The Foley Knoll Horror is a piece of Story and Lore found in the Tree of Skill.

 

 The words that follow detail the 192nd ranging of the Coats 'n' Talons, Redbrow division of Liven, as carried out by me, Karmen Cran, division captain. I do hereby swear that all of the things I have claimed and chronicled below are true to the best of my recollection.
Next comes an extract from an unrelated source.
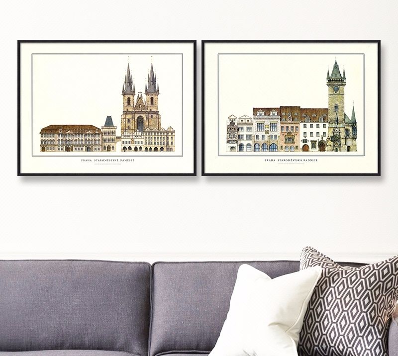 简约现代北欧风建筑装饰画客厅餐厅卧室挂画教堂复古街区
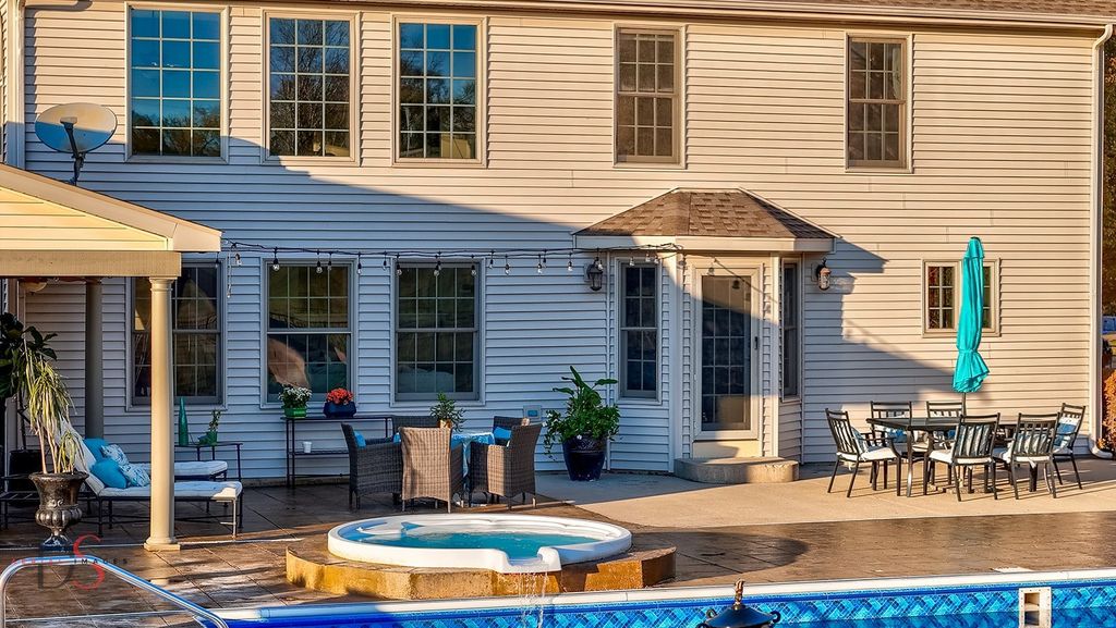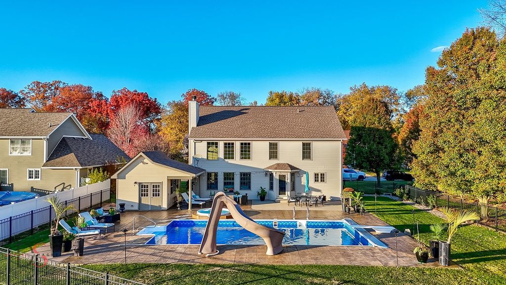 This home was built for people who like to live well and gather often. With more than 4,000 square feet of finished living space-including a finished basement designed for fun-it offers room to spread out without ever feeling disconnected. One of the first things you notice is the living room: tall, airy ceilings that pull in the daylight and a fireplace that anchors the entire space. The kitchen serves as the hub of the home, with an island made for conversations, morning coffee, or last-minute homework help. There's space for a table, a walk-in pantry for real storage, plus a separate dining room for when the moment calls for something a little more formal. An office on the main floor keeps work close but not in the way. Upstairs, the primary suite feels genuinely private-complete with its own full bath and a large walk-in closet that doesn't require compromise. Three additional bedrooms share the level, along with a laundry hookup so baskets don't have to travel far. The finished basement is another world of its own: a wet bar for game days, a family room that's perfect for movie nights or a laid-back hangout, an exercise area, generous storage, and even a set of stairs that leads directly to the garage-one of those thoughtful touches you don't realize you need until you have it. Outside is where the home really shows its personality. A wide stamped-concrete patio stretches toward the pool, complete with a slide and a spa. It's the kind of backyard that becomes the default gathering place-summer birthdays, late-evening swims, quiet Sunday mornings. The mechanicals have been responsibly updated: tankless water heater, a furnace just a year old, air conditioner replaced this past summer, and roof and siding installed seven years ago. Everything about this home is designed to make everyday life comfortable and hosting effortless. It's the rare place that works as well on a quiet weeknight as it does with a house full of guests.

Our expedition began on the fourteenth day of the month of harvest, in the year of Olaresh 472. The purpose of the ranging was to track, hunt, and eliminate gnarlend constructs that had been terrorizing smaller villages to the northeast of Liven. There were 6 in our party. We were eached tasked with a specific role, but every man among us had been sufficiently trained in all aspects of ranging. I was to take point with whip and crossbow. Ajnders the Birian and Ellia Rum were strikers, equipped with glaive and javelin. Kazik Terman and his cousin Axemar would use bow and scout. And Todgy Longsmith was our chef, though he could crack a skull or two in a pinch.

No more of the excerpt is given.